ロックギタリストの中では、最もトリッキーな奏法を持つギタリストです。そのフレーズはアブノーマルで、おそらく意図的にそういう表現方法をとっている節があります。弦をピックやスチールバーでこすったり、打ち叩いたり、通 常使わないようなピッキングハーモニクスを使ったり、ありとあらゆる方法で、”何か違ったグルーブ”を出そうとしているようです。それらが、取ってつけたようでなく、全体としてひとつの世界を創り出しているところが、ただの目立ちたがりやギタリストと違うところで、そういったことが出来るのも基本的な演奏技術は群を抜いて高度であるからだと思います(イングヴェイのような早弾きができるということではありません)。

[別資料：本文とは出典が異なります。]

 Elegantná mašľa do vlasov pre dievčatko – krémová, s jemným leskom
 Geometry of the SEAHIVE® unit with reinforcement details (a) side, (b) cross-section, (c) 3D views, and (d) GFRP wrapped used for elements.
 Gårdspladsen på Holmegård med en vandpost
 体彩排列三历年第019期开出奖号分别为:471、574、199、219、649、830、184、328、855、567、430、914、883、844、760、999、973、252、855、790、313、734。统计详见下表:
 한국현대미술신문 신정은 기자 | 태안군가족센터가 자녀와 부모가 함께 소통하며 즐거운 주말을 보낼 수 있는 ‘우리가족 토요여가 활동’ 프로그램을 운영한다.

ジェフ・ベックが一世を風靡したというのは「フィードバック奏法」(ヤードバーズの頃)かも知れません。最近のロック界ではあまり聴かれなくなりましたが、アンプが再生するギターの音がまた弦を振動させ、鳴ったままになるという極めてワイルドでカッコイイ奏法です。公式音源では、ヤードバーズの「Stroll On」(トレインケプトアローリンの違うバージョン)、「Lost Woman」ほか、第一期「Beck Ola」の「Jail House Rock」、第二期「Jeff Beck Group」の「Going Down」、BBA「Live In Japan」の同じく「Going Down」など。ジェフ・ベックの他では、ジミ・ヘンドリックスがこの奏法をバンバン使っていました。有名なウッドストックでの「アメリカ国歌」がもう究極のフィードバック奏法です。

また、ストラトキャスターのトレモロアームを早くから効果音として使っていたのもジェフ・ベックです。今でこそみんな使いますが、昔は音程が狂うというので敬遠され、ギンギンに使っていたのは、有名所では、ジェフ・ベック、ジミ・ヘン、リッチ・ブラックモアくらいでした。公式アルバムでは、1969年頃、第一期「Beck Ola」でウニャウニャのアーミングが聴かれます。

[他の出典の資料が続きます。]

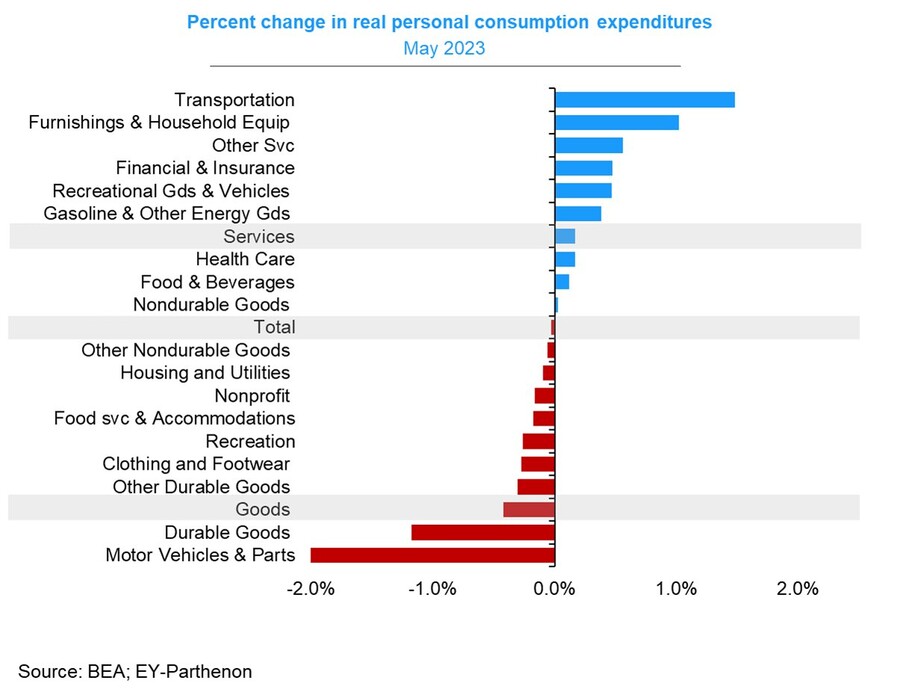 게다가 지출을 보면 '명목' 개인소비지출은 전월 대비 0.1% 늘었고 4월 수치는 0.8% 증가에서 0.6% 증가로 하향 조정되었습니다. 물가를 고려한 '실질' 소비지출은 5월 0%, 4월 0.2% 증가에 그친 것이죠. 하이프리퀀시 이코노미스트의 루빌라 파루키 이코노미스트는 "Fed 관점에서 소비 둔화는 인플레이션 둔화와 마찬가지로 반가운 소식이 될 것"이라고 말했습니다. 미국인들은 의료, 항공 여행과 같은 서비스에 더 많이 쓰고 자동차 등 상품에 더 적게 지출한 것으로 나타났습니다.
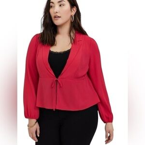 Fuchsia Pink Crepe Tie Front Peplum Jacket, size 5 lightweight, Barbie core
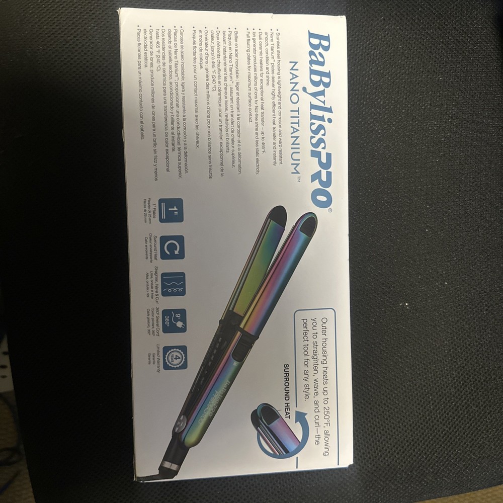 The BaBylissPRO Nano Titanium Prima3100 1¼" Flat Iron Iridescent is a high-quality hair styling device suitable for both men and women. With its electric power source and adjustable heat settings, this flat iron allows for customizable styling options. The titanium heating plate provides maximum temperature of 465 °F, ensuring efficient and smooth styling. The sleek design and iridescent finish add a touch of elegance to your hair care routine.
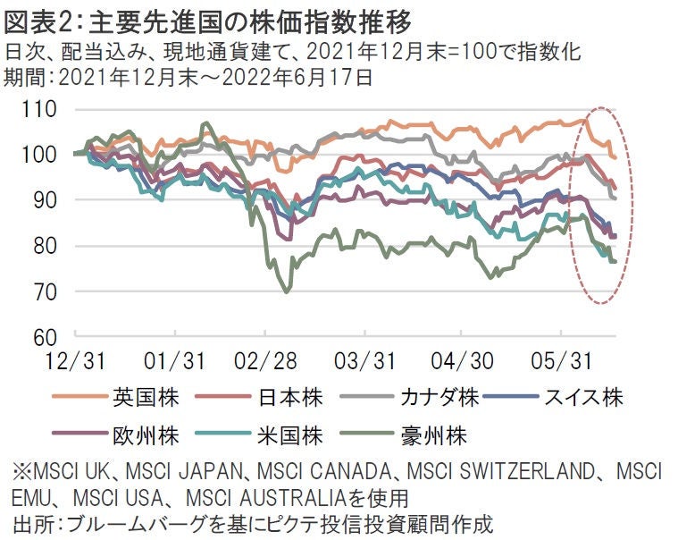 主要中央銀行(除く日銀)による相次ぐタカ派転換を受けて、株式市場も動揺を隠せないでいる。主要先進国における株価指数の推移を見ると、年初から5月にかけては英国株、日本株、カナダ株の値持ちが比較的良く、欧州株、スイス株、米国株、豪州株が軟調に推移していた。しかし、今月に入ってからはこれらの株価指数がいっせいに値を下げる展開になった(図表2)。
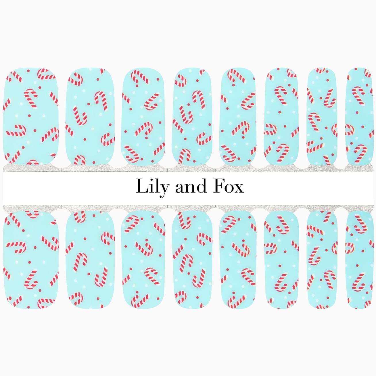 This manicure is sure to delight your fingertips with cheery candy canes and dots set against a light blue background. This nail wrap set is perfect for short and long nails with its repeating design that covers the full nail. Keep this look minty fresh longer by adding a top coat.
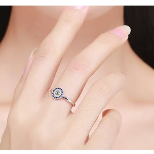 Strieborný prsteň s motívom modrých očí, veľkosť 6
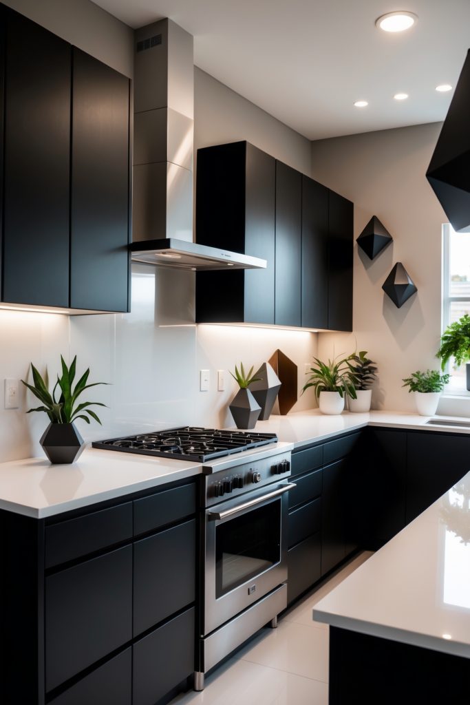 Stick to a black, white, and gray color palette with geometric lines and sleek finishes. Chic and timeless.

そして、奏法ではありませんがエフェクター類も先駆けの人です。ヤードバーズの頃からもうトーンベンダー(歪み系の最初のエフェクター)と使っているようですし、ワウワウ、エコー、トーキングモジュレーター、フランジャー、オクターバー、フリケンシーモジュレーター、初期のギターシンセなど、ベックが使ってから一般 化したものばかりです。第二期では、スタジオでレスリースピーカーに通したような音も聴かれます。(クラプトンもやっていました。当時の流行かも)
「フラッシュ」の頃以降では、全くピックを使わず、指だけで弾いているのが、新しい奏法といえば奏法。よく、指弾きに変えたと言われますが、指弾き自体はヤードバーズの頃からやっているので、「ピックを使わなくなった」というのが正しいところです。ヤードバーズの頃から指弾きをやっていたというのは、ジェフベックの奏法のルーツがロカビリーだからです。ロカビリーというのは、カントリーのヒルビリーとロックンロールが融合した音楽。つまり、ロカビリーの元であるカントリー奏法がジェフベックのルーツにあります。

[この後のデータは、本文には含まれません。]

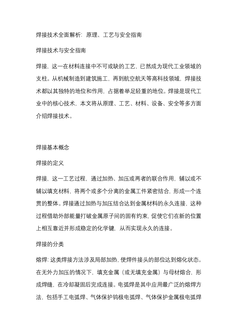 焊接技术全面解析:原理、工艺与安全指南焊接技术与安全指南焊接,这一在材料连接中不可或缺的工艺,已然成为现代工业领域的支柱。从机械制造到建筑施工,再到航空航天等高科技领域,焊接技术都以其独特的地位和作用,占据着举足轻重的地位。焊接是现代工业中的核心技术,本文将从原理、工艺、材料、设备、安全等多方面介绍焊接技术。焊接基本概念焊接的定义焊接,这一工艺过程,通过加热、加压或两者的联合作用,辅以或不辅以填充材料,将两个或多个分离的金属工件紧密结合,形成一个连贯的整体。焊接通过加热与加压结合达到金属材料的永久连接,这种过程借助外部能量打破金属原子间的固有约束,促使它们在新的位置上相互靠近并形成稳定的化学键,从而实现永久的连接。焊接的分类熔焊:这类焊接方法涉及局部加热,使焊件接头的部位达到熔化状态。在无外力加压的情况下,填充金属(或无填充金属)与母材熔合,形成焊缝,在冷却凝固后完成连接。电弧焊是其中应用最广泛的熔焊方法,包括手工电弧焊、气体保护钨极电弧焊、气体保护金属极电弧焊等。此外,还有气焊、激光焊和等离子焊等方法。压焊:在此类焊接过程中,对焊件施加压力(可能加热也可能不加热),使其产生塑性变形。通过原子间的扩散和再结晶过程实现连接。电阻焊、摩擦焊和扩散焊都是典型的压焊方法。钎焊:此方法采用熔点低于母材的金属材料作为钎料。将焊件和钎料加热到高于钎料熔点但低于母材熔点的温度范围内。液态钎料会润湿母材,填充接头间隙,并与母材相互扩散,从而实现连接。软钎焊和硬钎焊是钎焊的两种主要类型。焊接物理与冶金基础焊接热过程在焊接过程中,热源的种类和特性对焊接质量有着至关重要的影响。电弧热作为最常见的热源,其能量高度集中,能够迅速加热焊件局部区域。电阻热则是通过电流在电阻中产生的热量来加热焊件。此外,激光作为高能量密度热源,同样能够实现快速加热和熔化。为了确保焊接质量,焊接过程中的热输入控制和冶金反应是关键。合理控制热输入至关重要。热输入的计算公式为Q=UW,其中Q为热输入,U为电弧电压,1为焊接电流,V为焊接速度。不当的热输入可能导致焊件出现过热、未焊透等质量问题。在焊接过程中,焊件各点的温度随时间和空间变化,形成复杂的温度场。了解温度场的分布有助于预测焊接过程中的热应力、变形以及组织转变。焊接冶金反应焊接冶金反应是焊接过程中不可或缺的一部分。在焊接热源的作用下,焊件和填充金属熔化形成熔池。这个熔池的形成过程伴随着强烈的热对流和物质传输,因此化学成分和温度分布可能不均匀。熔池中的气体在凝固前若未能逸出,则会在焊缝中形成气孔,这可能由于焊接材料受潮、焊件清理不彻底或焊接工艺参数不当所致。同样,熔渣若未被完全清除,则会残留在焊缝中形成夹渣。这些缺陷都会降低焊缝的强度和致密性。此外,焊接过程中还可能产生裂纹。裂纹是一种严重的焊接缺陷,其产生与多种因素有关,如低熔点共晶物的存在、焊接工艺的选择等。为了防止裂纹的产生,需要采取一系列的预防措施。综上所述,了解焊接物理与冶金基础对于确保焊接质量至关重要。通过掌握焊接过程中的热源特性、热输入控制、温度场分布以及冶金反应的原理和机制,可以更好地预防和避免焊接缺陷的产生,从而确保焊缝的强度和性能满足要求。2.焊接材料焊条,作为焊接的必需品,按照药皮性质可分为两大类:酸性焊条和碱性焊条。焊条和焊丝根据其化学成分和用途可分为酸性、碱性、实心、药芯等多种类型。酸性焊条以其药皮中大量的酸性氧化物为特征,其电弧稳定、飞溅小且脱渣容易,对杂质的敏感性也较低。这类焊条
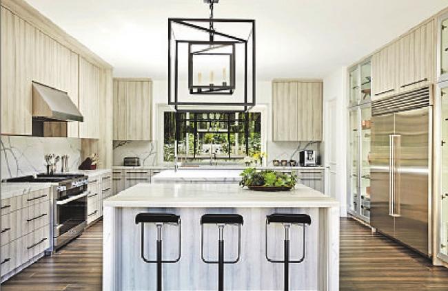 Acolumn-lined entrance opens to the home of more than 5,500 square feet. The single-story floor plan features high ceilings, gallery walls and skylights that bathe the minimalist-vibe interior in natural light. The gleaming chef’s kitchen is equipped with two islands. In the family room/den, there’s a wet bar. A total of four bedrooms and six bathrooms includes an expansive master suite with dual bathrooms and walk-in closets.

同世代のギタリストや当時のイギリスの状況、第1期ジェフベックグループの音楽性から、ブルースルーツだと思われがちですが、よく聞くとかなりブルース色は薄いことが分かります。ジェフベックのリックには、カントリーリックから展開したようなものがたくさんあります。また、BBAのライブのJEFF’S BOOGIEの最後で、じゃじゃ馬億万長者をバンジョー奏法でやっていたりします。こういった演奏はヤードバーズの頃からやっているのです。

ナッシュビルに代表されるカントリーの奏法というのは、ピックと指とのコンビネーションで弾くモノが多いです。それで指で弾くというのは、昔から当たり前にやっています。ステージでよく見られたのは、ピックを口に加えて指で弾く姿です。ですので、アルバムフラッシュあたりから「ピックを使わなくなった」というのが正しいというわけです。